Beginning with the first factor, the Court of Criminal Appeals has stated that the probative value of extraneous offense evidence is low when the evidence supports only noncompelling or undisputed evidence that has already been submitted. See Montgomery, 810 S .W.2d at 390. In this case, evidence of the extraneous offense was offered to support a highly disputed fact: whether appellant committed a sexual assault, as the complainant had alleged. We conclude that the evidence was probative for the same reason stated earlier: it rebutted appellant's theory that the complainant had fabricated her allegations.
The second factor requires courts to evaluate whether the extraneous offense evidence has the potential to irrationally impress the jury. Here, the extraneous offense was quite similar to the charged offense in that both offenses contained allegations that appellant had inappropriately touched the complainant. Whenever the extraneous offense is similar to the charged offense, there is always a potential that the jury may be unfairly prejudiced by the defendant's character conformity. See Lane v. State, 933 S.W.2d 504, 520 (Tex.Crim.App.1996). However, this impermissible inference can be minimized through a limiting instruction. See Karnes v. State, 127 S.W.3d 184, 193 (Tex.App.-Fort Worth 2003, pet. ref ‘d). In this case, the trial court attempted to mitigate the prejudicial effect of the evidence by offering to give the jury a limiting instruction if appellant so requested. Despite the offer, appellant never made the request.

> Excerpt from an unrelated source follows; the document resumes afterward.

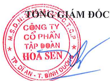
TRẦN QUỐC TRÍ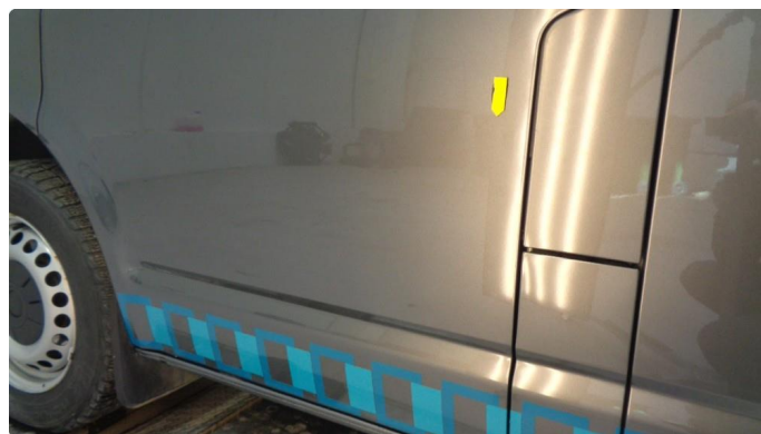
1.3 Liten bulk venstre dør

The third factor evaluates the time during trial that the proponent required to develop the evidence of the extraneous offense. The prosecution spent a significant amount of time developing and discussing the 2005 incident. Testimony was elicited from the hospital physician who had treated the complainant, the forensic interviewer at the children's center, an investigating officer with the Houston Police Department, and other members of the complainant's family. The complainant herself, however, did not testify about the incident. This factor tends to weigh in favor of exclusion.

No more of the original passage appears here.